**** The data ****
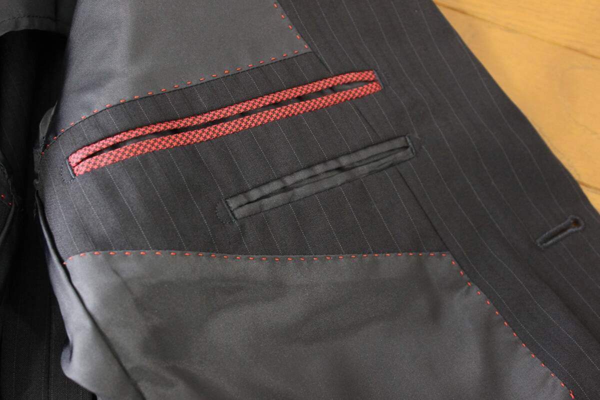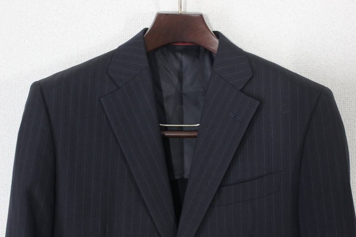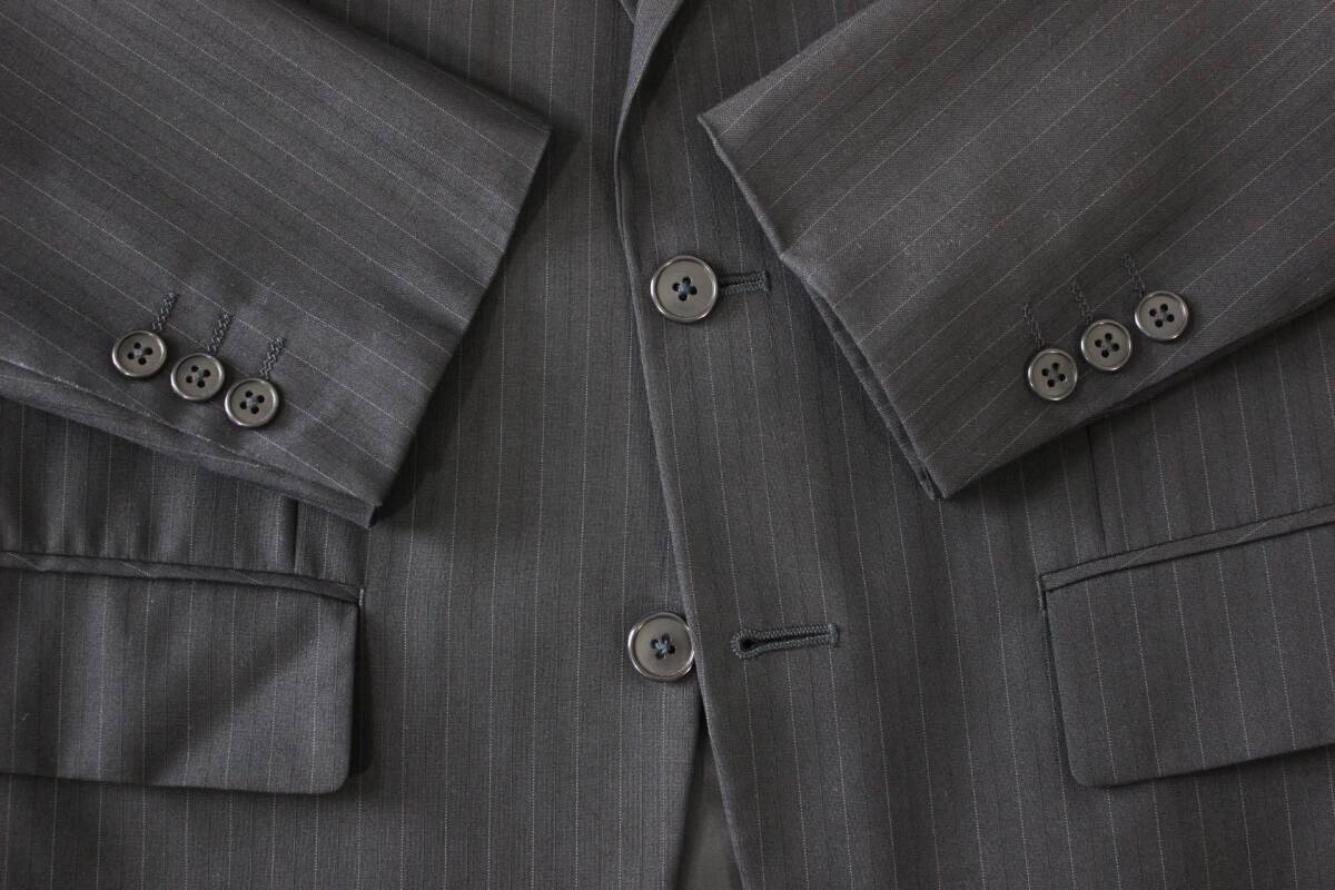 ジャケットは,2ボタン1掛け・背抜き仕立て・センターベント・D管留め・袖額縁仕立て
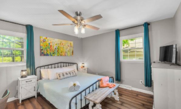 We are thrilled to welcome you and your fur babies to our delightful 3 bedroom and 2 full bath 1300sq/ft bungalow just minutes from charming downtown Fort Mill with all its old school warmth, vintage vibe, cafes, boutiques, taverns, golf, live music, parks, and churches. The perfect sweet retreat at the end of a day of sightseeing, celebrating with family and friends, after the big game, or once you’ve nailed that business meeting or a new job.
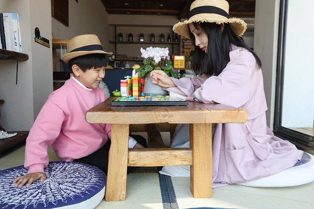 民宿是懂小朋友的,积木、轨道乐高、弹珠、飞行棋,成功锁定像元宝这样的小朋友,乐而忘返。
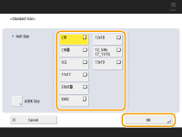Mesmo quando o papel é carregado corretamente, alguns padrões de tamanho podem não ser detectados corretamente. Nesse caso, pressione <Standard Size> e selecione o tamanho do papel. Tamanhos de papel automaticamente detectáveis
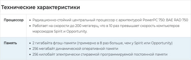 Процессор марсохода одноядерный и работает на частотах 110–200 мегагерц. Отличия RAD750 от давно устаревшего PowerPC750 в том, что он работает на более низких частотах и имеет меньше оперативной памяти: 700 мегагерц и 512 мегабайт оперативной памяти у PowerPC750 против 200 мегагерц и 256 мегабайт оперативной памяти у RAD750. А ещё он якобы умеет работать в условиях повышенной радиации и при больших перепадах температуры.
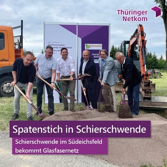 Mit dem symbolischen Spatenstich ist heute der Glasfaserausbau in Schierschwende im Südeichsfeld gestartet worden. In der Gemeinde zwischen Heyerode und Wendehausen soll jedes Gebäude mit Glasfaserdirektanschlüssen versorgt werden, so die Planung.
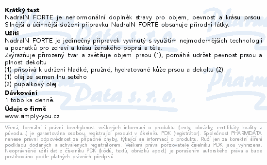 NadraIN FORTE je nehormonální doplněk stravy pro objem, pevnost a krásu prsou. Silnější a účinnější složení přípravku NadraIN FORTE obsahuje přírodní látky.
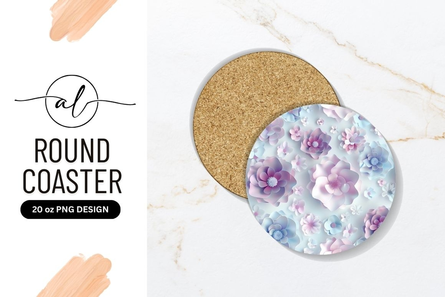 3d Layered Pink Floral Lavender Blue White Pastel Paper Flowers Round Coaster
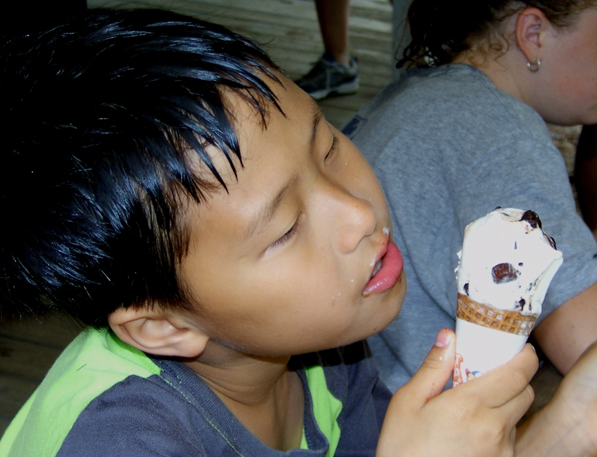 Sometimes people are afraid to crop in close, but close cropping often allows for better compositions. I see many photographs with a lot of dead space, or distracting space around the subject which leads the eye away from the focal point. In this photo of the boy eating ice cream my focal point is the mouth that is so expressive of desire. It is strategically placed in the side and bottom 1/3 of the photo emphasizing his lean toward the desired object, being emotionally drawn toward it. There were a lot of people in the background so I purposely zoomed in to eliminate as much of the distraction as I could in order to capture his emotion.
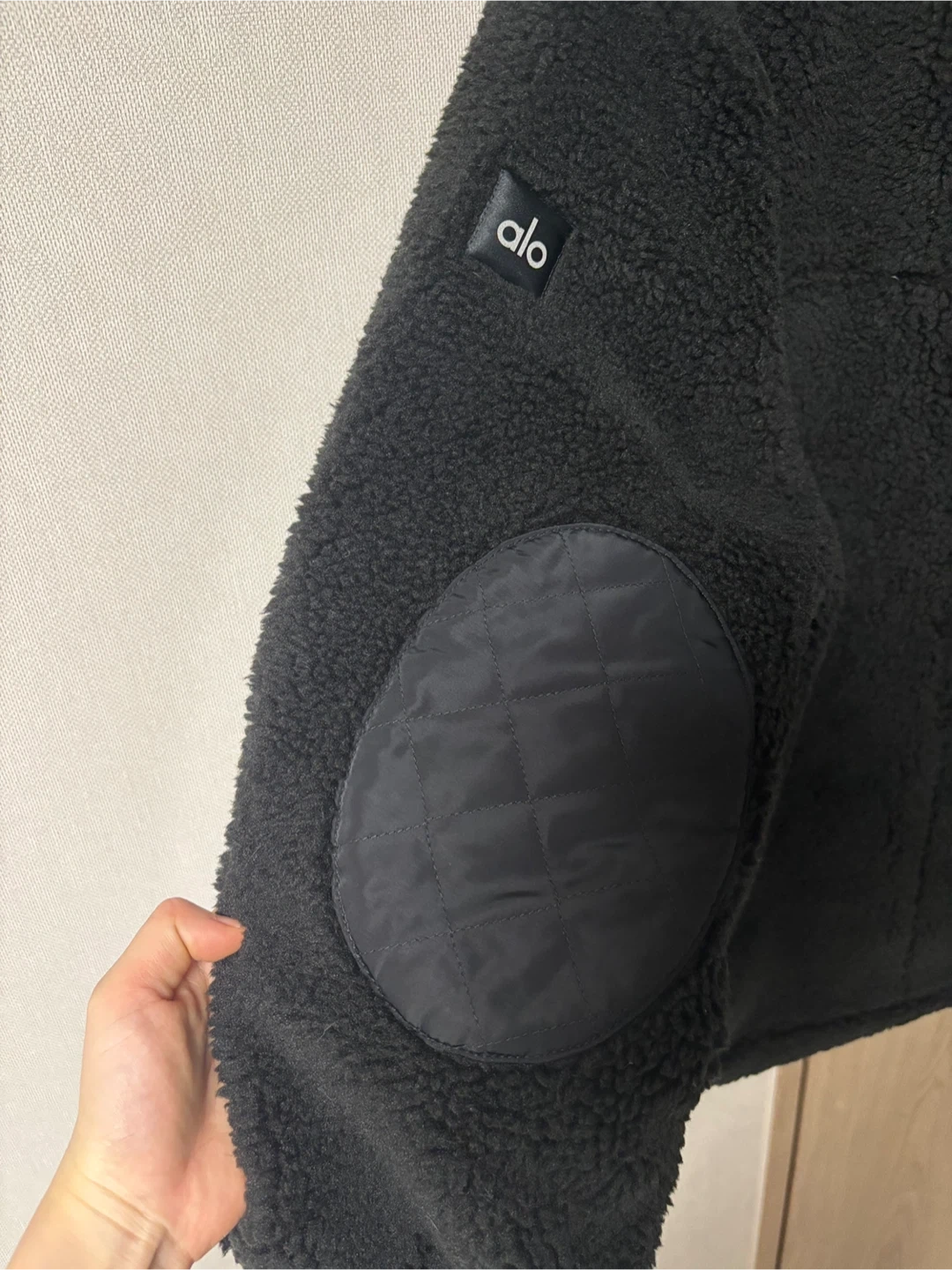 Cozy up in this stylish black sherpa jacket from ALO Yoga! It's perfect for layering on chilly days. Features include quilted detailing on the pockets and elbows. Great for adding a touch of warmth and style to your wardrobe
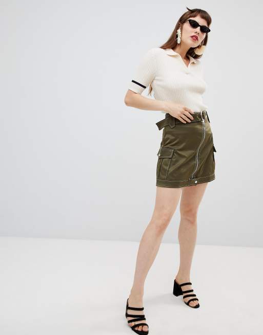 Mango - Utility rok met rits in kaki
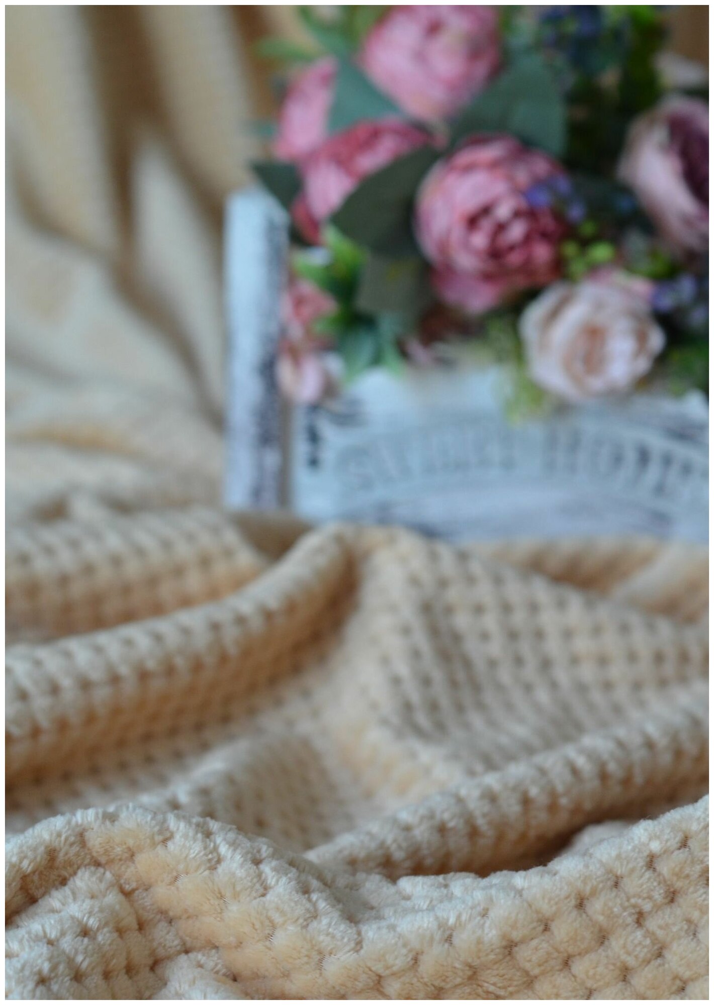 Плед IRIS. Флисовый плед 150x200 на кресло кровать в детскую и спальню покрывало в дом гостиную для всей семьи крем брюле, полуторный
****
When you repeat the lines above, keep them exact and leave out each image they contain.

* **Output of the task**
 ジャケットは,2ボタン1掛け・背抜き仕立て・センターベント・D管留め・袖額縁仕立て
 We are thrilled to welcome you and your fur babies to our delightful 3 bedroom and 2 full bath 1300sq/ft bungalow just minutes from charming downtown Fort Mill with all its old school warmth, vintage vibe, cafes, boutiques, taverns, golf, live music, parks, and churches. The perfect sweet retreat at the end of a day of sightseeing, celebrating with family and friends, after the big game, or once you’ve nailed that business meeting or a new job.
 民宿是懂小朋友的,积木、轨道乐高、弹珠、飞行棋,成功锁定像元宝这样的小朋友,乐而忘返。
Mesmo quando o papel é carregado corretamente, alguns padrões de tamanho podem não ser detectados corretamente. Nesse caso, pressione <Standard Size> e selecione o tamanho do papel. Tamanhos de papel automaticamente detectáveis
 Процессор марсохода одноядерный и работает на частотах 110–200 мегагерц. Отличия RAD750 от давно устаревшего PowerPC750 в том, что он работает на более низких частотах и имеет меньше оперативной памяти: 700 мегагерц и 512 мегабайт оперативной памяти у PowerPC750 против 200 мегагерц и 256 мегабайт оперативной памяти у RAD750. А ещё он якобы умеет работать в условиях повышенной радиации и при больших перепадах температуры.
 Mit dem symbolischen Spatenstich ist heute der Glasfaserausbau in Schierschwende im Südeichsfeld gestartet worden. In der Gemeinde zwischen Heyerode und Wendehausen soll jedes Gebäude mit Glasfaserdirektanschlüssen versorgt werden, so die Planung.
 NadraIN FORTE je nehormonální doplněk stravy pro objem, pevnost a krásu prsou. Silnější a účinnější složení přípravku NadraIN FORTE obsahuje přírodní látky.
 3d Layered Pink Floral Lavender Blue White Pastel Paper Flowers Round Coaster
 Sometimes people are afraid to crop in close, but close cropping often allows for better compositions. I see many photographs with a lot of dead space, or distracting space around the subject which leads the eye away from the focal point. In this photo of the boy eating ice cream my focal point is the mouth that is so expressive of desire. It is strategically placed in the side and bottom 1/3 of the photo emphasizing his lean toward the desired object, being emotionally drawn toward it. There were a lot of people in the background so I purposely zoomed in to eliminate as much of the distraction as I could in order to capture his emotion.
 Cozy up in this stylish black sherpa jacket from ALO Yoga! It's perfect for layering on chilly days. Features include quilted detailing on the pockets and elbows. Great for adding a touch of warmth and style to your wardrobe
 Mango - Utility rok met rits in kaki
 Плед IRIS. Флисовый плед 150x200 на кресло кровать в детскую и спальню покрывало в дом гостиную для всей семьи крем брюле, полуторный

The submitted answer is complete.